= Joaquín Galvez Naranjo =

Chilean philatelist

Joaquín Rafael Gálvez Naranjo (10 May 1902 – c. 1976 or 1977) was a Chilean philatelist. In 1965, he was awarded the Crawford Medal by the Royal Philatelic Society London for his work Los primeros sellos de Chile 1853 a 1867. At the time it was published, this book was the first significant work on the philately of Chile since 1919. The book was reprinted by Postilion Publications in the 1990s with an errata sheet and a prologue by Álvaro Bonilla Lara.

At the España 75 stamp exhibition, Galvez Naranjo won the Grand Prix d'Honneur for his entry "Chile".

His collection was sold by Corinphila in Switzerland in 1979.
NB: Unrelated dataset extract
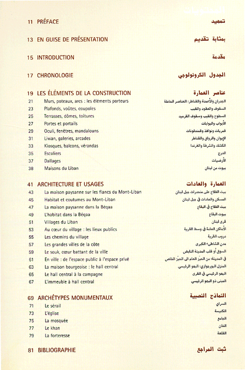 وهذان النمطان من العيش غالباً ما يجتمعان في مظهرهما المعماري، من خلال تقنية في البناء تقوم على اعتماد الحجر المقصوب، كما يجتمعان أيضاً في تشابه العناصر الهندسية وطريقة استعمال بعض الفضاءات: الحوش، الرواق أو الإيوان، ويلتقيان أخيراً في الطراز المعماري المعروف بـ"البيت ذو البهو المركزي" والذي يعود إلى القرن التاسع عشر، وهو طراز مديني بامتياز انتشر في القرى. في سياق اندماجها في إطارها الإقليمي، من خلال اعتماد الطراز الشرقي في العمارة، حافظت العمارة في لبنان على خصوصياتها بفضل ميزات لبنان الجغرافية وتعددية شعبه المنفتح على شعوب البحر المتوسط. سوف نعرض، في ثلاثة أبواب متكاملة، هذه الخصوصية التي طالما شكلت حافزاً للوحدة على جميع الأصعدة.

He was born in La Serena, Chile. His father, Isidoro Gálvez Esquivel, was a lawyer and civil servant.

==Selected publications==
- Los primeros sellos de Chile, 1853 a 1867. Santiago de Chile, 1964. In Spanish, English and French. Limited edition of 300 copies.
- "Postal markings from the colonial and the Republic Post Offices up to 1867" in Collectors Club Philatelist, November 1966.
- "1928-36 Surcharged air mail issues" in Aero Philatelist Annals, Vol. 17, No. 4, 1970.